PMCID: PMC5908144  PMID: 29672572

Abstract

Transient or constant impaired immunity is often associated with neoplastic disease or oncological treatment. Among the most common pathogens found in patients with HIV or patients undergoing chemotherapy are protozoans of the Cryptosporidium genus, which cause diarrhea in humans and animals. The present study determined the frequency of Cryptosporidium spp. infections in patients with colorectal cancer (N = 108; 42 women; 66 men; median age, 65 years), before beginning oncological treatment, compared to a control group (N = 125; 56 women, 69 men; median age, 63 years) without colorectal cancer or a history of oncological disease. We also assessed whether Cryptosporidium spp. infections were associated with age, gender, cancer stage (based on Astler-Coller or TNM classification), histological grade, or cancer location. Patients were treated at the Pomeranian Medical University, in 2009–2014. The presence of Cryptosporidium spp. antigen was determined in stool samples, analyzed with a commercial immunoenzymatic test. Cryptosporidium spp. infections occurred significantly more often (p = 0.015) in patients (13%) compared to controls (4%). The patient group showed no significant relationship between Cryptosporidium spp. infection and sex, age, tumor location, cancer grade, or stage. A multivariate logistic regression analysis adjusted for age and sex that included all subjects (patient + control groups, n = 233) showed that the odds of a Cryptosporidium spp. infection were more than three-fold higher in patients than in controls, and more than six-fold higher among men than among women. Conclusions: 1) Cryptosporidium spp. infections occurred significantly more frequently in patients with colorectal cancer (before oncological treatment) compared to controls, independent of age and sex. 2) Cryptosporidium spp. infections were not associated with the colorectal cancer stage, grade, or location or with patient age. 3) Male gender was significantly related to the frequency of Cryptosporidium spp. infections, independent of age and the presence of colorectal cancer.

Introduction

Colorectal cancer is one of the most common malignant neoplasms in humans. Its incidence is the third highest among malignant neoplasms worldwide, and it accounts for 9.7% of all tumors [1]. Colorectal cancer arises from an accumulation of genetic and epigenetic changes that transform healthy epithelial cells into cancer cells. In addition to genetic factors, environmental factors contribute to the genesis of colorectal cancer, like red meat-rich diets, low physical activity, and chronic nicotine use [2]. There is also evidence that bacteria in intestinal flora play a significant role in colorectal cancer development [3].

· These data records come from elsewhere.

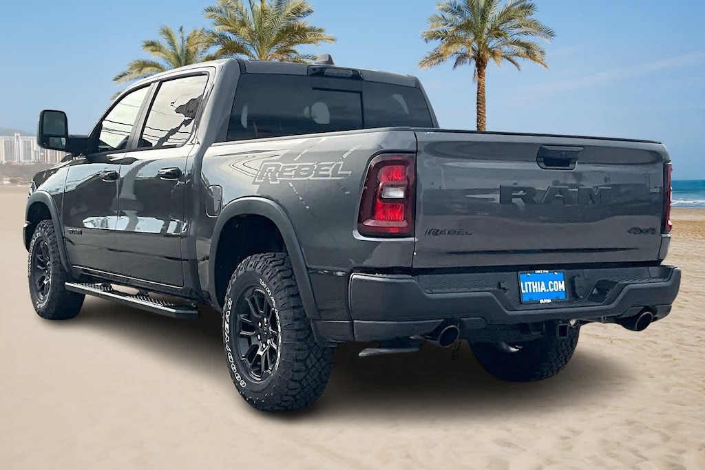 Granite Crystal Metallic Clearcoat 2026 Ram 1500 Rebel 4WD 8-Speed Automatic 3.0L I6 FRESH OIL CHANGE, 10 Speakers, 115V Auxiliary Rear Power Outlet, 12-Way/1-Way Trailer Connector, 14.4 Touchscreen Display, 2-Door Passive Entry, Front Door Locks, 3.92 Rear Axle Ratio, 4 Way Front Headrests, 4-Wheel Disc Brakes, 4G LTE Wi-Fi Hot Spot, ABS brakes, Accent Color Door Handles, Accent Color Premium Power Mirrors, Accent Color Tailgate Handle, Active Driving Assist System, Active Noise Control System, Advanced Safety Group II, Air Conditioning, Alloy wheels, AM/FM radio: SiriusXM with 360L, Apple CarPlay, Apple CarPlay/Android Auto, Auto High-beam Headlights, Auto Power-Folding Mirrors, Auto-Dimming Exterior Driver Mirror, Auto-Dimming Exterior Passenger Mirror, Auto-dimming Rear-View mirror, Automatic temperature control, Bed Utility Group, Black Exterior Mirrors, Black Painted Exterior Mirrors Caps, Black Power-Fold Trailer Tow Mirrors, Brake assist, Bucket Seats, Cloth/Vinyl Bucket Seats, Compass, Connected Travel and Traffic Services, Connectivity - US/Canada, Convex Wide-Angle Exterior Mirror Insert, Delay-off headlights, Disassociated Touchscreen Display, Driver door bin, Driver Seat Memory, Driver vanity mirror, Drowsy Driver Detection, Dual front impact airbags, Dual front side impact airbags, Dual Wireless Charging Pad, Electronic Stability Control, Evasive Steer Assist, Exterior 115V AC Outlet, Exterior Mirrors Approach Lamps, Exterior Mirrors Courtesy Lamps, Exterior Mirrors with Heating Element, Exterior Mirrors with Memory, Exterior Mirrors with Supplemental Signals, Forward and Reverse Utility Lights, Front anti-roll bar, Front Bucket Seats, Front Center Armrest w/Storage, Front dual zone A/C, Front fog lights, Front License Plate Bracket, Front Passenger Interactive Display, Front reading lights, Front Seat Back Map Pockets, Front wheel independent suspension, Full Length Upgraded Floor Console, Fully automatic headlights, Garage door transmitter, Global Telematics Box Module, Google Android Auto, GPS Antenna Input, GPS Navigation, Harman/Kardon 19 Speaker Premium Sound, HD Radio, Heads-Up Display, Heated door mirrors, Heated Front Seats, Heated front seats, Heated Second Row Seats, Heated Steering Wheel, Heated steering wheel, Illuminated entry, Integrated Center Stack Radio, Integrated Voice Command with Bluetooth, Intersection Collision Assist System, Leather steering wheel, LED CHMSL Lamp, Low tire pressure warning, Manual Folding Exterior Mirrors, Manufacturers Statement of Origin, Media Hub with 2 Charge Only USBs, Mirror Clearance/Running Lights, MOPAR 4 Adjustable Cargo Tie-Down Hooks, MOPAR Spray in Bedliner, Navigation System, Occupant sensing airbag, Off-Road Information Pages, Outside temperature display, Overhead airbag, Overhead console, Panic alarm, ParkView Rear Back-Up Camera, Passenger door bin, Passenger vanity mirror, Power 2-Way Driver Lumbar Adjust, Power 2-Way Passenger Lumbar Adjust, Power Adjust 8-Way Driver Seat, Power Adjust 8-Way Front Passenger Seat, Power Adjustable Pedals with Memory, Power door mirrors, Power driver seat, Power steering, Power Tailgate, Power Telescoping Mirrors, Power windows, Power-Adjustable Convex Aux Mirrors, Proximity Approach/Departure Lamps, Quick Order Package 21W Rebel, Radio data system, Radio: Uconnect 5 Nav with 14.4 Display, Radio: Uconnect 5 Navigation with 12.0 Display, Radio/Driver Seat/Mirrors/Pedals Memory, Rain Sensitive Windshield Wipers, Rear 60/40 Folding Seat, Rear anti-roll bar, Rear seat center armrest, Rear step bumper, Rear Window Defroster, Rebel Level 2 Equipment Group, Remote keyless entry, Security Alarm, SiriusXM Radio Service, SiriusXM with 360L, Smartphone as a Key Capable, Speed control, Split folding rear seat, Steering wheel mounted audio controls, Surround View Camera System, Tachometer, Technology Group, Telescoping steering wheel, Tilt steering wh Price includes: $3500 - 2026 National Retail Consumer Cash . Exp. 01/05/2026
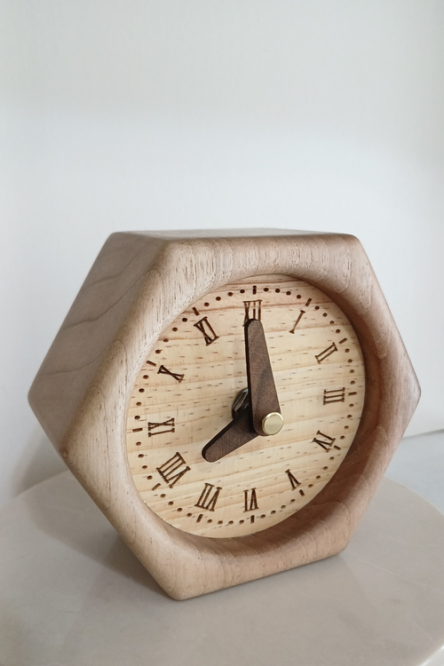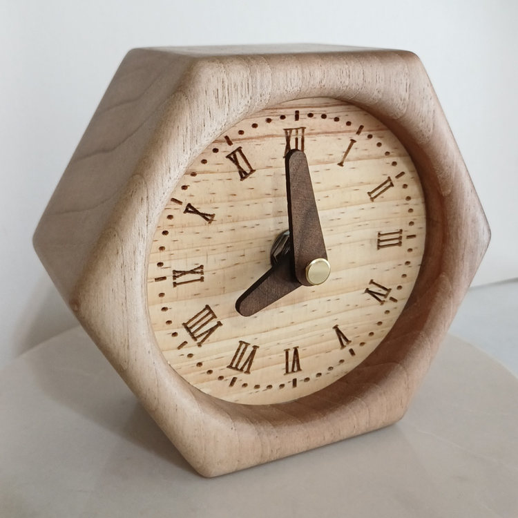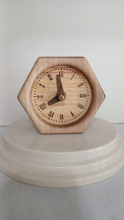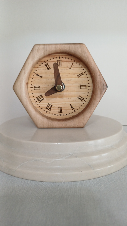 ساعت رومیزی دکوراتیو هگزا – ساخت چوب گردو – طراحی ششضلعی
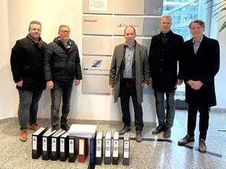 Die Protestbriefe aus den fünf Kommunen füllen mehrere Aktenordner. Bürgermeister und deren Vertreter in der Fluglärmkommission übergeben sie an die DLE.

Cryptosporidium is a small protozoan that infects cells and exists intracellularly, particularly in the gastrointestinal tract epithelium of vertebrates, including birds, reptiles, amphibians, humans, and other mammals. The Cryptosporidium infection is one of the most important etiologies of diarrhea among humans [4]. It was estimated that Cryptosporidium infections accounted for 1-3% of diarrhea incidences in the US and Europe and 10–15% of incidences in developing countries [5]. Most infections in humans are caused by C. parvum and C. hominis [6]. These are responsible for over 90% of all cases [6]. Invasive forms (oocysts) are resistant to external factors and water treatment processes. They can survive in temperatures of -20°C and in salt water [7]. The infection spreads in a fecal-oral pathway. It is mostly transmitted through contaminated food or water, but it can also be transmitted through direct contact with infected humans or animals, and rarely, through inhalation. Cryptosporidiosis can occur sporadically or in an epidemic. In the last several years, more than 100 epidemics have been detected and described [8]. Among these, a Cryptosporidiosis outbreak occurred in Milwaukee, which affected 403 000 people [9]. Cryptosporidium might also be responsible for opportunistic infections among patients with neoplasms [10, 11].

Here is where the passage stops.